Cloud Print certificate testing

3. Test if your cloud-ready printers work with Cloud Print

The certificates that your printer uses to communicate with Cloud Print may expire in August of 2018. In the coming months, Cloud Print servers will migrate to using new certificates. We have given advanced notice about this change, and it’s imperative that you update the firmware for your cloud-ready printers before this change, or else your printers may stop working with Cloud Print.

This article instructs you how to test whether your cloud-ready printer works with these new certificates. These instructions are a best-effort and may vary depending on your printer. 

Testing Schedule

We have a small number of test servers serving the new certificate that we have created for you  to test whether your printers work with the new certificate. Because of the nature of the testing servers, they will only be up for certain specified periods in which you can run tests. The following are the dates and times that you can carry out testing (note that this list will be regularly updated to reflect changes and updates):

  • 20 Nov 2017 to 25 Jan 2018
  • 4 Feb 2018 to 31 Mar 2018

Testing Guidelines

During the time that these test servers are configured with GlobalSign R2-rooted certificates, it’s possible to override DNS resolution in order to test potentially affected equipment.

Note that, by overriding these DNS resolutions, you will be dependent on a single cluster until you undo the override. This choice will reduce availability of services, as single clusters can fail unexpectedly.

‘A’ records for all of the following names should be replaced with 74.125.206.91.

  • google.com
  • www.google.com
  • accounts.google.com

‘A’ records for all of the following names should be replaced with 74.125.206.125.

  • xmpp.google.com
  • talk.google.com
  • xmpp.l.google.com
  • alt1.xmpp.l.google.com
  • alt2.xmpp.l.google.com
  • alt3.xmpp.l.google.com
  • alt4.xmpp.l.google.com

CNAME records for these names potentially have a multi-hour TTL, so devices under test should be power cycled once the DNS overrides are in place to flush caches.

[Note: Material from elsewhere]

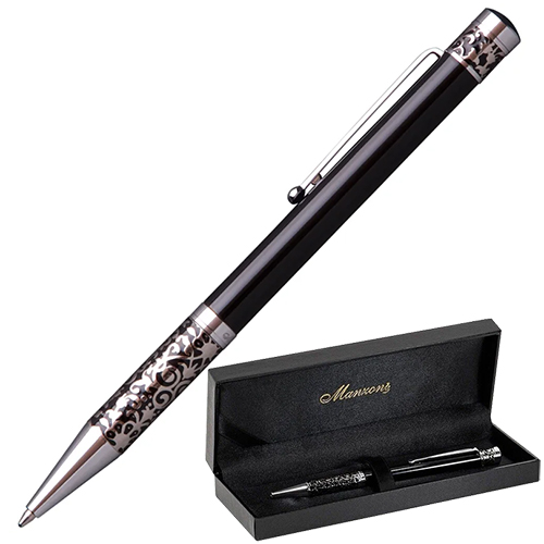 Ручка шариковая " Manzoni " Imperia синяя 1мм, поворотный механизм, металлический черный корпус, толщина письма- 0,50мм, футляр кожзам

You can test which set of certificates are currently serving in that cluster by running (on MacOS or a UNIX-like system such as Linux):

openssl s_client -connect 74.125.206.91:443 </dev/null 2>>/dev/null | grep issuer

This command will show a single result line such as:

issuer=/C=US/O=Google Inc/CN=Google Internet Authority G2

In that line, the string “Google Internet Authority” will be followed by either “G2” or “G3”. G2 (as shown above) are Equifax-rooted chains (the old certificates) while G3 are GlobalSign R2-rooted chains (the new certificates).

After running test

Important: After you complete your tests, reinstate your prior DNS configuration. This step is important because you do not want traffic from your organization for google.com search and related services to be routed over this test server after the Cloud Print certificate testing is completed.